Department of Environmental Sciences, University of California, Riverside, CA 92521, USA.
Department of Environmental Sciences, University of California, Riverside, CA 92521, USA; Institute of Urban Environment, Chinese Academy of Sciences, Xiamen 361021, China; University of Chinese Academy of Sciences, Beijing 100049, China.
Environ Pollut. 2024 Jan 1;340(Pt 1):122733. doi: 10.1016/j.envpol.2023.122733. Epub 2023 Oct 22.
Surface water runoff can transport contaminants offsite to downstream aquatic ecosystems. The prevalence of impervious surfaces in urban areas enhances surface runoff and contributes to contamination of urban surface streams. Urban areas have complex drainage systems for the conveyance of drainage water, however, there is a dearth of information on the distribution of contaminants within storm drain system structures. Pyrethroid insecticides are among the most used insecticides in urban areas, and trace levels of pyrethroids are known to exert toxicity to aquatic invertebrates. To investigate pyrethroid occurrence and distribution throughout an urban drainage system, samples of water, sediment, algae, and biofilm were collected from catch basins, open channels, and outfalls in Los Angeles County, California, during the dry season. From 3 catch basins, 7 open channels, and 7 outfalls, a total of 28 water samples, 4 sediment samples, 8 algae samples, and 4 biofilm samples were collected and analyzed. Pyrethroid concentrations above the reporting limit were detected in 89% of water samples and all sediment, algae, and biofilm samples, with bifenthrin and cyfluthrin being the most frequently detected compounds. The median total pyrethroid concentrations in water, sediments, algae, and biofilms were 27 ng/L, 88 ng/g, 356 ng/g, and 3556 ng/g, respectively. Bifenthrin concentrations in catch basins were found to be significantly higher than those in open channels or outfalls. Significant correlations were found for various metrics, including between pyrethroid partitioning in water samples and total suspended solids. These findings highlight the role of underground catch basins as a sink as well as a secondary source for contaminants such as pyrethroid insecticides. Prevention of the input of these urban originated contaminants to catch basins is crucial for protecting the water quality of urban surface waters.

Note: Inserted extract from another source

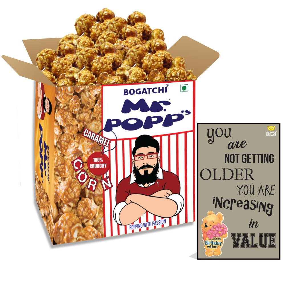 BOGATCHI Mr.POPP's Caramel Popcorn 100% Crunchy Handcrafted Gourmet Popcorn Best Birthday Gift for Mother 375g + Free Happy Birthday Greeting Card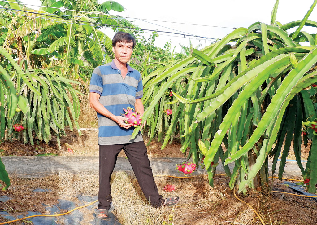 Ông Lê Văn Tèo (xã Dương Xuân Hội, huyện Châu Thành) chia sẻ: “Tôi tham gia Tổ hợp tác liên kết sản xuất thanh long sạch ấp Vĩnh Xuân A. Trồng thanh long sạch, tôi được Nhà nước hỗ trợ kinh phí xây dựng nhà kho chứa phân bón, thuốc theo quy định. Ngoài ra, tôi cũng được HTX hướng dẫn kỹ thuật trồng thanh long sạch, ghi chép nhật ký sản xuất. Hiện tại, tôi có khoảng 3.000m2 đất trồng thanh long sạch. Nhờ áp dụng khoa học - kỹ thuật mà việc trồng thanh long của tôi đỡ vất vả, trái thanh long đạt chất lượng tốt hơn”.

地表径流可将污染物输送到下游水生生态系统。城市地区不透水表面的普遍存在增加了地表径流,并导致城市地表溪流受到污染。城市地区有复杂的排水系统来输送排水,但关于雨水系统结构内污染物分布的信息却很少。拟除虫菊酯类杀虫剂是城市地区使用最广泛的杀虫剂之一,痕量水平的拟除虫菊酯已知对水生无脊椎动物具有毒性。为了调查整个城市排水系统中拟除虫菊酯的发生和分布情况,在加利福尼亚州洛杉矶县的旱季,从雨水口、明渠和出水口收集了水样、沉积物、藻类和生物膜样本。从 3 个雨水口、7 个明渠和 7 个出水口共采集和分析了 28 个水样、4 个沉积物样本、8 个藻类样本和 4 个生物膜样本。在 89%的水样以及所有沉积物、藻类和生物膜样本中都检测到超过报告限值的拟除虫菊酯浓度,其中联苯菊酯和氯氟氰菊酯是最常检测到的化合物。水样、沉积物、藻类和生物膜中的总拟除虫菊酯浓度中位数分别为 27ng/L、88ng/g、356ng/g 和 3556ng/g。雨水口的联苯菊酯浓度明显高于明渠或出水口。发现各种指标之间存在显著相关性,包括水样中拟除虫菊酯的分配与总悬浮固体之间的关系。这些发现强调了地下雨水口作为污染物(如拟除虫菊酯类杀虫剂)汇和次生源的作用。防止这些源自城市的污染物输入雨水口对于保护城市地表水质至关重要。